But it has not all been uninterrupted success. A few years ago he was criticised for using egg donors known to the patient, but that is now accepted practice. During Professor Craft's tenure, in 1987, the Humana was temporarily removed from what was then the Voluntary Licensing Authority's (superseded by the Human Fertilisation Embryology Authority) approved list of clinics because of disagreement over the authority's decision to insist on a rigid limit - of four - on the number of eggs or embryos being transferred to a patient.

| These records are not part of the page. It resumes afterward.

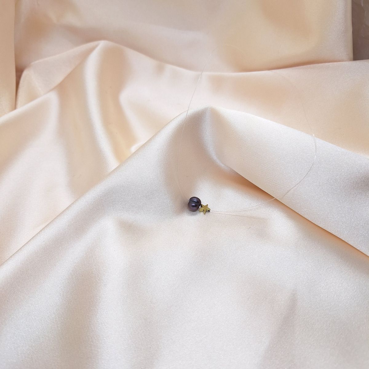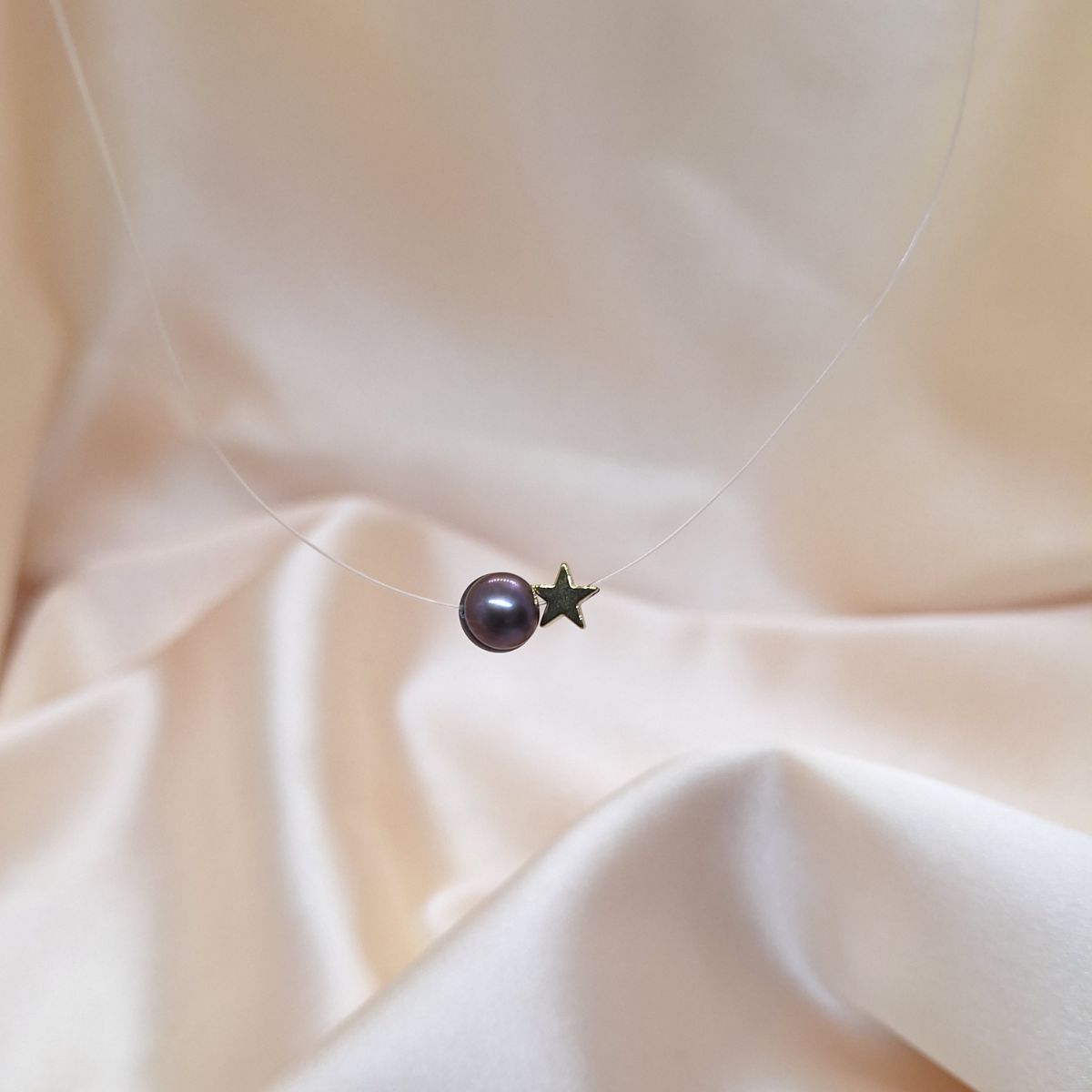 Vizualni identitet ogrlice proizlazi iz odnosa svjetla, tame i praznog prostora. Kontrast između sjajne površine bisera i suzdržanog tona hematita ostaje tih i uravnotežen, s naglaskom na materijal i jasnoću linije.
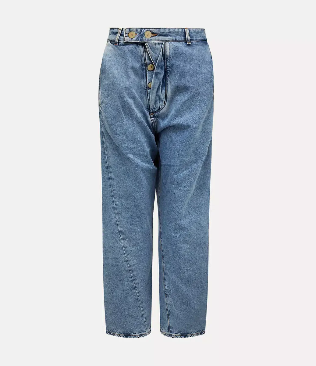 Die Worlds End Drunken Hose in heller Denim-Waschung verfügt über das charakteristische Drunken-System des Hauses, das sich an der traditionellen britischen Schneiderei orientiert und einen verdrehten, schrägen Schnitt aufweist. Die Hose zeichnet sich durch einen asymmetrischen Verschluss vorne aus, der einen verzerrten, drapierten Effekt erzeugt, der die Punk-Ästhetik des Hauses verkörpert.p>
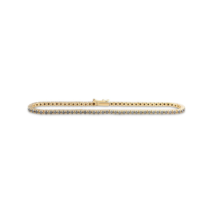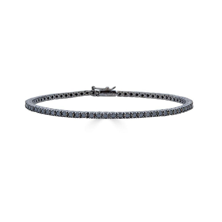 Made with round-cut black diamonds (~2.1 ctw for 7'), set in 14k white gold with black rhodium plating. Four-prong setting. Size: 6–7.5'. Figure eight double lock clasp.
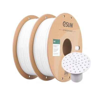 eSUN PET Filament 1.75mm, High Toughness, 1KG (2.2 LBS) per Spool, 2 Reels Printing Materials for 3D Printers,White+White
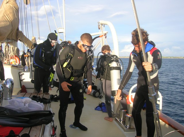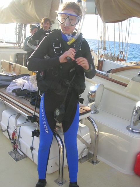 We raised the anchor and motored briefly up to Puerto Portals to anchor next to a rocky point with clear water to spend the day getting the crew through some of their dive training. The open water divers cycled through their first real dive to approximately thirty feet, and the rest of the crew went ashore to stock up on candy and soda for the passage to Formentera, eighty nautical miles to the south. At 2100, we departed in calm seas and fair winds with the stars to guide us.
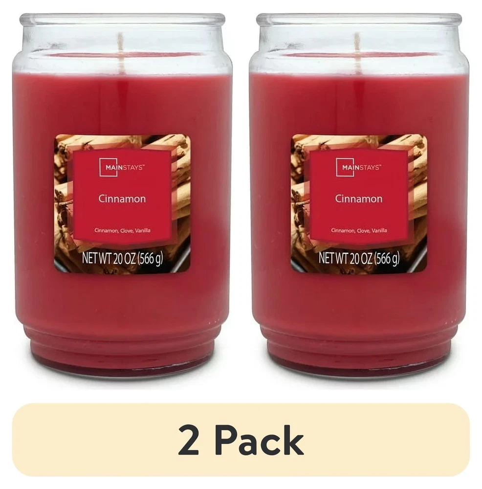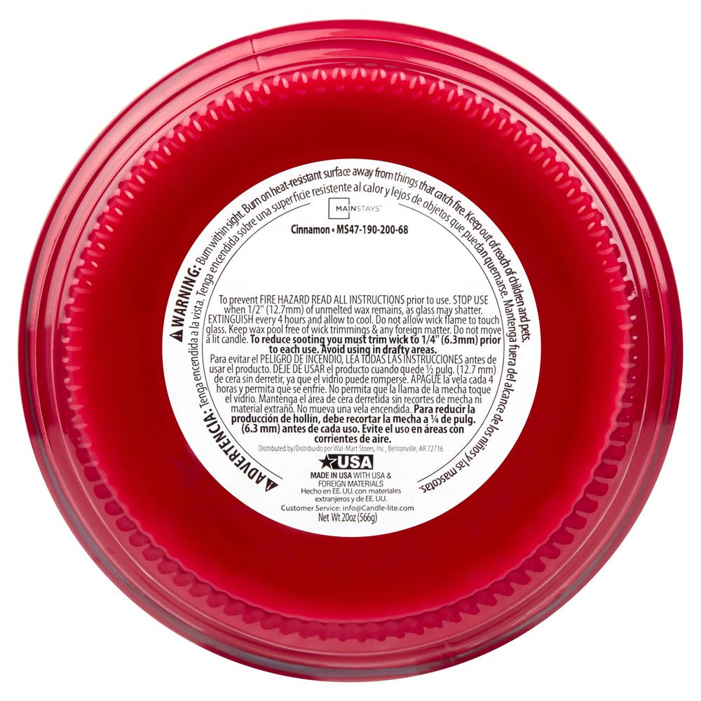 Introduce a soothing aroma into your living space with the Mainstays Cinnamon Scented Single-Wick Jar Candle. Mainstays scented candles are highly fragranced and provide a clean and even burn that will fill your home with beautiful and enticing seasonal aromas. Place this candle in the kitchen, living room or dining room where you can enjoy it when entertaining guests or anytime you want to relax. Trim the wick periodically to promote even burning. Mainstays offers a wide selection of candle scents to explore and enjoy. Shop all of our Mainstays scents online and in-store. Treat yourself to the enticing scent of the Mainstays Cinnamon Scented Single-Wick Jar Candle. Mainstays Cinnamon Scented Single-Wick Large Glass Jar Candle, 20 oz Warm and spicy cinnamon infused with subtle nuances of clove and pure vanilla. Complements virtually any room decor 20 oz. single-wick candle burns for approximately 100-120 hours Features a decorative beveled edge glass vessel Mainstays single-wick scented candles are highly fragranced, and provide a clean and even burn that will fill your home with beautiful and enticing aromas Our candles are made from high quality, non-toxic, clean-burning wax that is specifically developed to hold optimal fragrance loads Our Mainstays 20oz candle is available in a variety of scents

Dame Mary Donaldson, then chair of the authority, was sharp in her criticism: 'Everyone was working very hard to do a good job and you have one man out of step who is prejudicing the whole issue - although he insists everyone else is out of step.'

The business of how many eggs should be used - the limit is now set at three - is highly contentious because with the use of up to 10 eggs, which is the maximum Professor Craft has used, there is a chance of multiple births that can put the mother as well as the foetuses at risk. Professor Craft, on the other hand, argues that using a small number of her own eggs is sensible with a young woman, because it is in young women that the chance of multiple pregnancy is greatest. However, he says that the blanket ruling seriously limits the chance of women over 40 being able to become pregnant using their own eggs, because the chances of success are lower at that age.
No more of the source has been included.